Honesty in AI UX

The sixth essay argued that perceived performance can hurt you on direct-manipulation surfaces, on optimistic UI without failure handling, and where "looks fast" cosmetically beats "is fast" without making the product faster. Each of those failure modes was about the web — objects on pages, inputs to servers.

AI introduces a fourth failure mode that the canon does not yet have a clean name for. I'd argue it is the most important one — because AI is the surface where perception engineering and correctness come into the sharpest tension, and the canon's existing tools handle correctness only obliquely.

The shorthand for this essay: perception polish is fine when the referent is honest. It crosses into deception when the referent is uncertain, wrong, or hidden.

What the referent is

Three quick definitions before we use the term heavily.

The referent is the thing the perception cue is referring to. A skeleton screen refers to "content is loading." A press animation refers to "your click registered." A progress bar refers to "the operation is X % complete."
The cue is the visible element — the skeleton, the press animation, the bar fill.
Honesty is the relationship between the two: does the cue accurately describe what is happening underneath?

On a typical web surface, the referent is settled. The page is loading or it is not. The click registered or it did not. The operation is at 60 % or it is not. The cue is a visualisation of an objective fact, and the perception job is to communicate that fact more pleasantly than the raw event would.

On AI surfaces, the referent is often not settled. The model is "thinking" but you cannot know how much thinking is left. The streamed tokens are arriving but you cannot know whether they are the right tokens. The cancel button is visible, but does it actually stop the server-side work? The cue exists; the referent is mushy. This is where honesty becomes the design problem.

Five failure modes

Five patterns I see across AI products that cross the line from polish into deception. Listed in roughly increasing severity.

1. Fake streaming

The model returned the full response in 1.2 seconds. The product trickles the tokens out over 4 seconds anyway so the user gets the "live" feel. This is fake streaming.

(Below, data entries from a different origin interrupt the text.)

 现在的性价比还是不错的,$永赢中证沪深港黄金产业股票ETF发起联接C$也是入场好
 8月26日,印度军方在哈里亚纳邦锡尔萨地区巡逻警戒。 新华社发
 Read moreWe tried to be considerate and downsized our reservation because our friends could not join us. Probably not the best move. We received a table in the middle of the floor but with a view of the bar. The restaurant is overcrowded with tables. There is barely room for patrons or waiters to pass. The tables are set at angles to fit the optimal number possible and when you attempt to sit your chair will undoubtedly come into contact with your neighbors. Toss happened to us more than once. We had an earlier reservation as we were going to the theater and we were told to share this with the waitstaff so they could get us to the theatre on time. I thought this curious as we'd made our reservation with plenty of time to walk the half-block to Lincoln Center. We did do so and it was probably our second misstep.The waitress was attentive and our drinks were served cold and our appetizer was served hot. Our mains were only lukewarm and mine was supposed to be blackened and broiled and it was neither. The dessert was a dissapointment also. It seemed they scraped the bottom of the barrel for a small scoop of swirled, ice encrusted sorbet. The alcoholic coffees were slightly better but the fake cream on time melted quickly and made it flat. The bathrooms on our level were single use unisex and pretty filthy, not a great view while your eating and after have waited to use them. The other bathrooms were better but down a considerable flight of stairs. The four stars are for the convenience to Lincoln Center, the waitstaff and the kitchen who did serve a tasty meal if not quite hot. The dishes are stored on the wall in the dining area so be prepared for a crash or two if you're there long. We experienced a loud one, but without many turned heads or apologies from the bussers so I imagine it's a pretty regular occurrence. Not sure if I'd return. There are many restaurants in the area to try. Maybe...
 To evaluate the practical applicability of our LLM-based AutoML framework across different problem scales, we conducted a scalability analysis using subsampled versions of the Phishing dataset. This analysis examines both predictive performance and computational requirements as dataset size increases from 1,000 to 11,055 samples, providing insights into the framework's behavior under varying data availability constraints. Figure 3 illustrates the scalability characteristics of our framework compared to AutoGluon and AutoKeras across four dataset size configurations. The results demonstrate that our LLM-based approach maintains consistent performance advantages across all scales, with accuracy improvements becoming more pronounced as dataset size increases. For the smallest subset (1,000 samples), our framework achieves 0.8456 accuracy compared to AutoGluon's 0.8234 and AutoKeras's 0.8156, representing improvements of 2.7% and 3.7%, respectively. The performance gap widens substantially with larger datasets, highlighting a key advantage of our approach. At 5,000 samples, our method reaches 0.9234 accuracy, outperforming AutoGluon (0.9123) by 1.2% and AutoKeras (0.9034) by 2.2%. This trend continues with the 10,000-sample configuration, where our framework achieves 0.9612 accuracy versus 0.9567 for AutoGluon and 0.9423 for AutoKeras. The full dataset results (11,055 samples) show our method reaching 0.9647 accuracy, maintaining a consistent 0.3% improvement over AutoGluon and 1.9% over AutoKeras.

The argument for it: streaming feels more conversational, gives the user time to read at a cadence, sets the right expectation for slower responses where the trickle is real.

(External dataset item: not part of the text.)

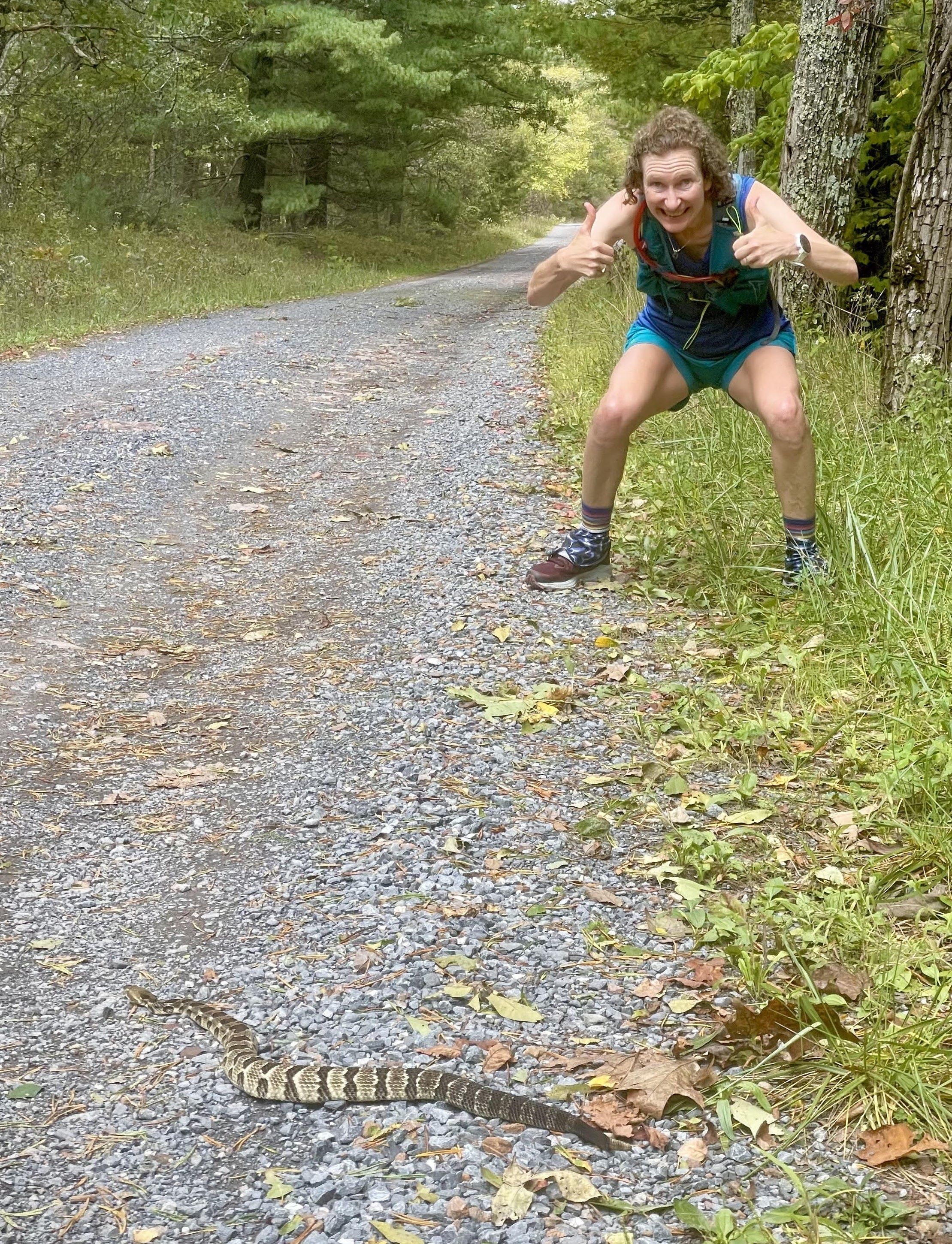 The mood was upbeat and slightly mischievous at the finish, as Dan Aghdam once again served his delicious meats while Chelsea Smith’s kids recruited Theo into attempts to frighten the poor finishers with a very realistic-looking snake. Consensus of the runners seemed to be that, despite the amazing wetness, these trails were wonderful, the views were spectacular, the volunteers incredible, the aid stations were better than many paid events, and Tibbet Knob and the road climb were sneaky hard. Also, maybe it would be more fun to volunteer next year!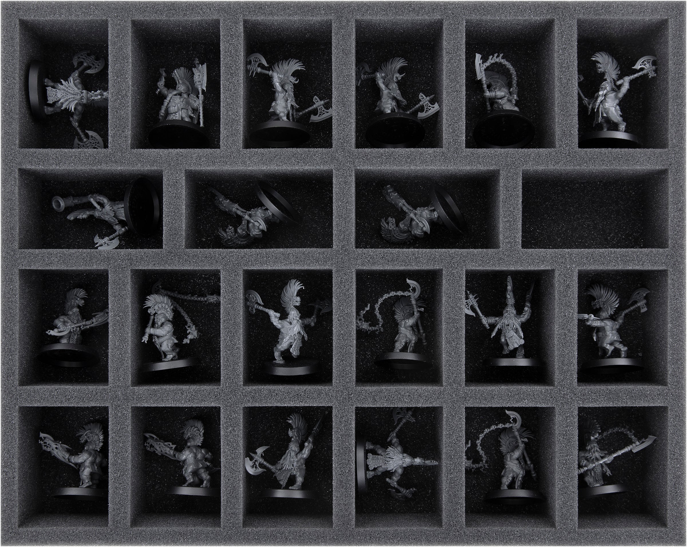 - 1 podstawkę z pianki Full-Size z 22 przegródkami na 10 Hearthguard Berzerkers/Auric Hearthguard, 1 Auric Flamekeeper, 10 Vulkite Berzerkers (FSMEZZ050BO)

The argument against it — which I'd argue is the right one: the user calibrates how much they trust the streaming cue based on cases like this. If they ever notice the trickle is decoupled from the actual model latency — a 12-token reply that takes 4 seconds to render, an obviously cached response that streams anyway — they stop trusting the cue everywhere. The honesty cost is product-wide; the local benefit is small.

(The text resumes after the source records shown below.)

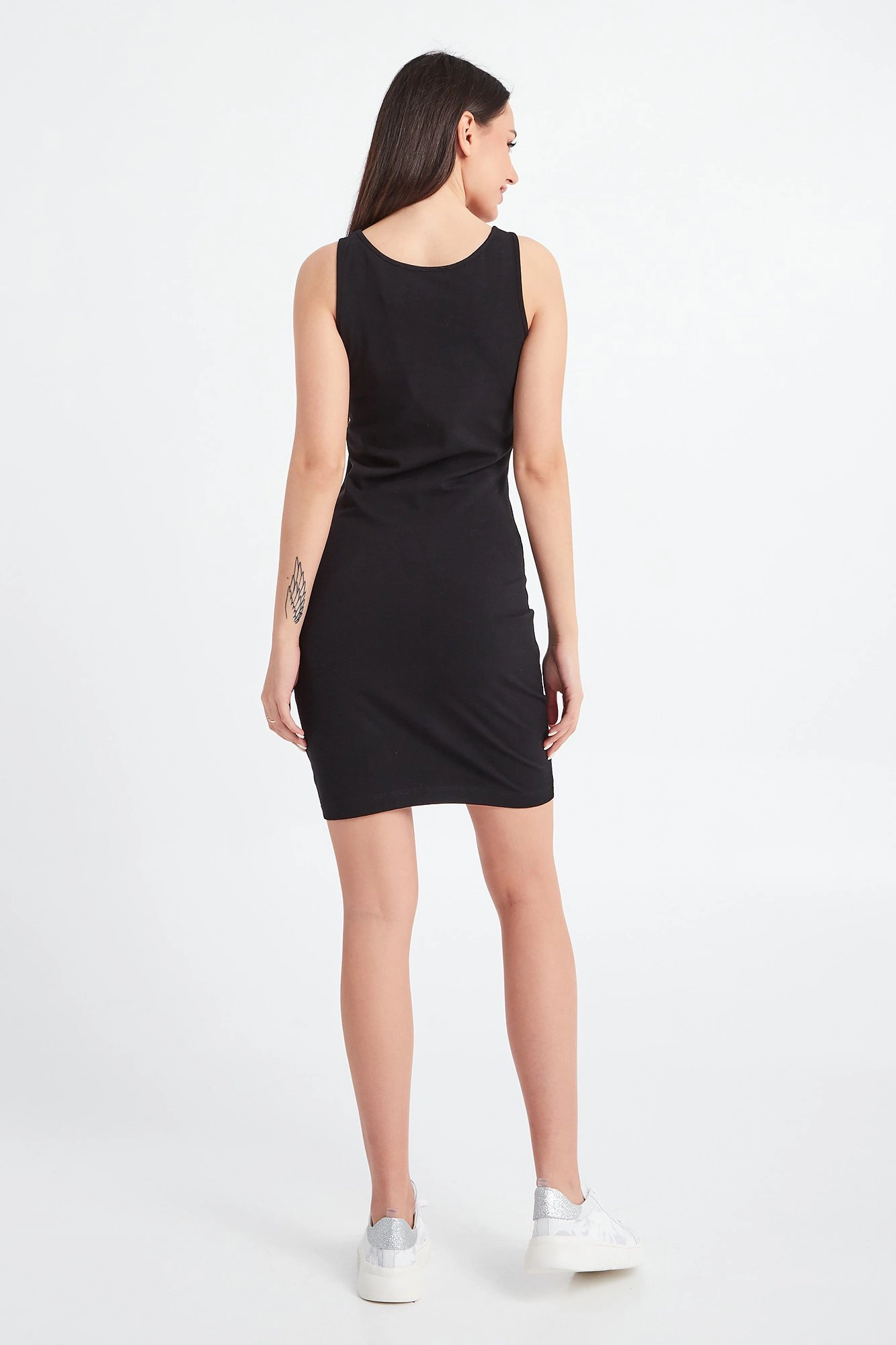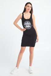 Sukienka marki John Richmond. Czarna, o prostym, dopasowanym kroju. Bez rękawów, długość do kolan. Okrągły, głęboki dekolt oraz dół sukienki wykończone lamówką. Z przodu tłoczony, biały monogram ozdobiony mieniącymi się srebrnymi i czarnymi kryształkami. Wykonana z miękkiej, przyjemnej w dotyku, elastycznej tkaniny. Klasyczna propozycja marki John Richmond sprawdzi się w każdej stylizacji i nada jej kobiecości, stylu i ponadczasowości.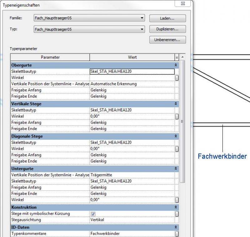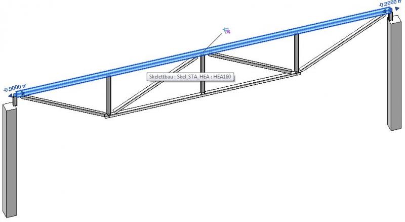 Jedoch ist das nur so lange der Fall, bis im Projekt sinnvolle Skelettbau-Familien/Typen als Fachwerkträger-Profile zugeordnet werden (meist Stahlbau-Profile; siehe Bild 2 weiter unten).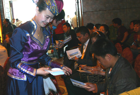 4月13日,內(nèi)蒙古希拉穆仁天堂草原旅游景區(qū)工作人員在向旅行社代表發(fā)放旅游消費(fèi)券。隨著旅游旺季的到來,內(nèi)蒙古相繼出臺一系列旅游景區(qū)、酒店優(yōu)惠政策,開展向社會團(tuán)體和市民發(fā)放免費(fèi)門票、旅游券活動,積極鼓勵引導(dǎo)旅游消費(fèi)。
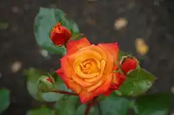 Rosa 'Mambo' rosa híbrido con ascendentes parentales de 'Tropicana' x 'Zorina'. | ||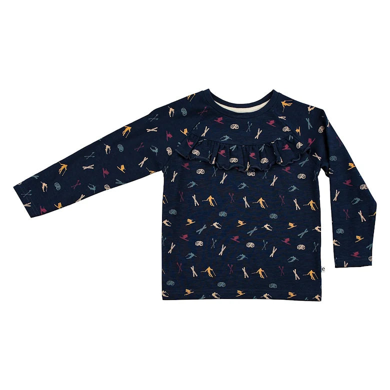 Långärmad mönstrad topp/tröja till barn med volang på bröst. Bandkantning i hals och tillverkad i mjuk slubtrikå av ekologisk bomull.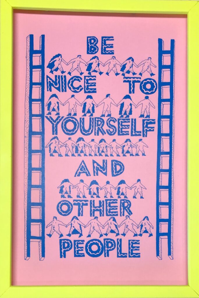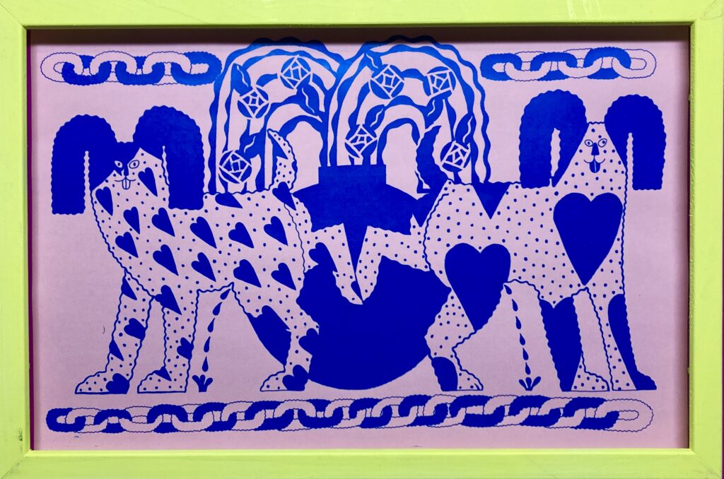 Each piece starts as a black-and-white drawing, then moves through a process involving color manipulation on photocopy machines. It’s a method she developed, refined, and is no longer possible.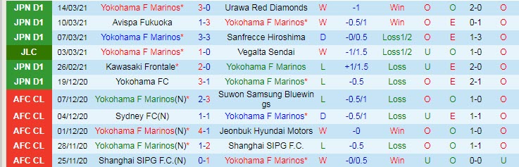 + Thống kê 10 trận gần nhất của Yokohama F Marinos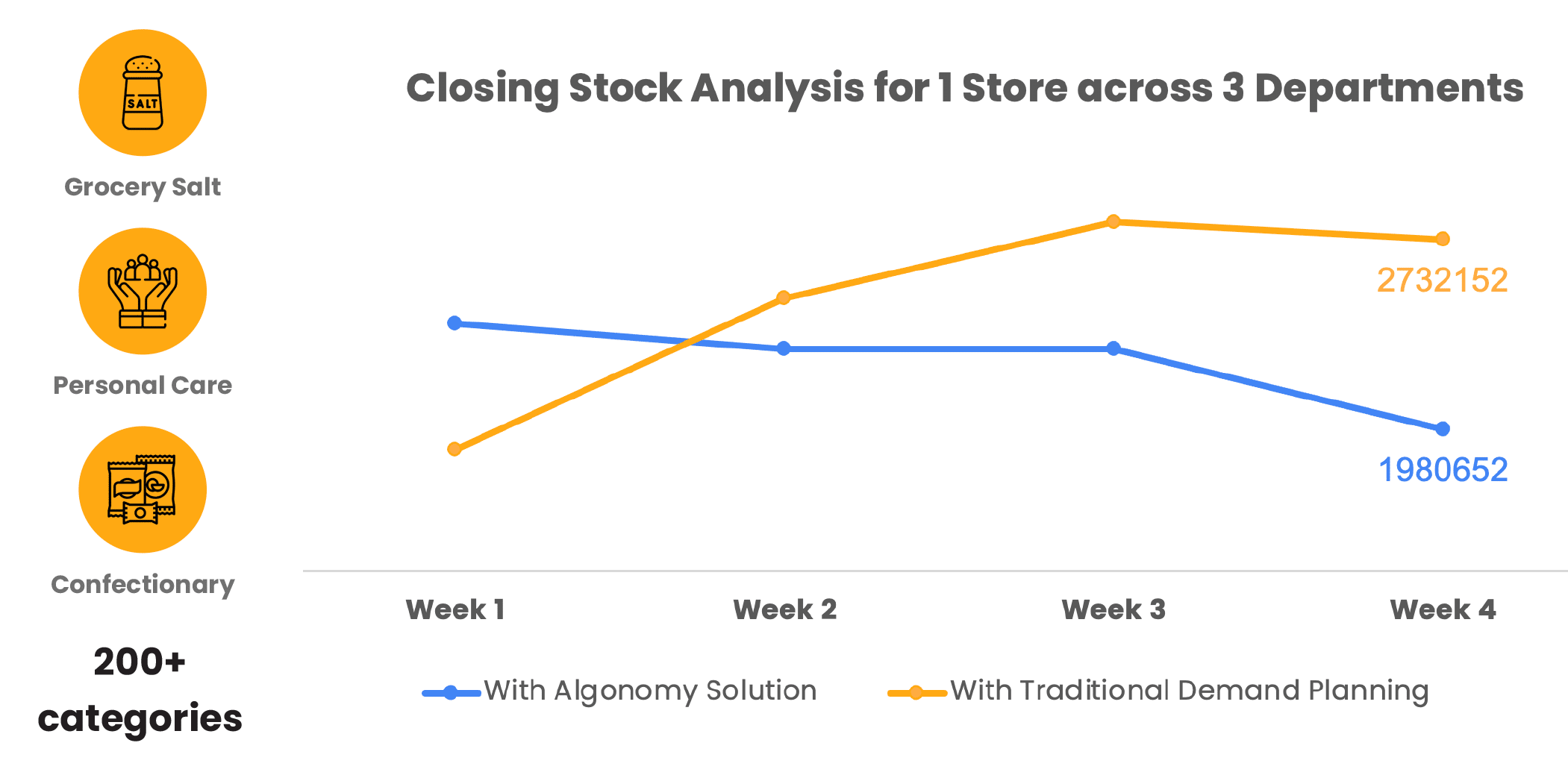Algonomy’s demand forecasting and replenishment solution, part of its larger merchandise AI suite of solutions for retail, was the perfect match for the client’s requirement. It uses unique and retail-native handcrafted algorithms to achieve a near-perfect match between demand and supply. Its plug and play ability allows retailers to quickly realize return on investment without having to spend organizational resources in setting up or compromising on key business metrics.

Block & Zakay's Block & Zakay 1997 filled-vs-empty argument justifies streaming when the streaming is real — the user's retrospective duration is shorter because the wait was filled with arriving content rather than empty. Fake streaming cheats the same mechanism rather than honouring it. The user gets the feeling of arrived content without the content actually having arrived later than it did.

The fix is to stream when streaming is real, and render when the response is local. The cadence change between the two becomes a useful signal: an instant render tells the user the model had a quick path; a streamed response tells them it was generated fresh. Both signals are accurate. Faking them collapses the signal.

2. Manipulated cadence

A relative of fake streaming, less egregious but more common. The product slows down or speeds up token streaming to hit a "comfortable reading pace" regardless of how fast the model is actually producing tokens.

I'd argue speeding up is worse than slowing down. Speeding tokens beyond reading speed reads as "the model is showing off" — the user cannot keep up, scans rather than reads, and registers the response as faster than it actually was, but trusts it less. Slowing tokens to reading pace is more defensible, but only if the actual model is producing faster than reading speed (mostly true with modern frontier models). The user's perception of "how long did I wait" anchors on the reading cadence, so retiming the stream is retiming perceived duration.

Eizenberg's Eizenberg argument from the previous essay re-applies, in a sharper form. He framed it for the web: a polished placeholder is not a substitute for interactivity. The AI version is a polished cadence is not a substitute for actual latency. The wait was what it was. Dressing it up is selling the user a duration they did not experience.

The defensible version is to set a cadence floor for the model's natural pace (so that on cached, instant responses the trickle is honest about being a presentational choice the user can detect) and let the cadence be the natural model pace otherwise. Do not retime the stream to make it feel faster or slower than it was.

3. Confident UX over uncertain output

The model is 60 % sure about its answer. The text says things like "I'm not certain, but..." The UX renders the response in the same typography, the same colour, the same prominence as a 99 %-sure answer. This is a render-uncertainty problem and it is severe.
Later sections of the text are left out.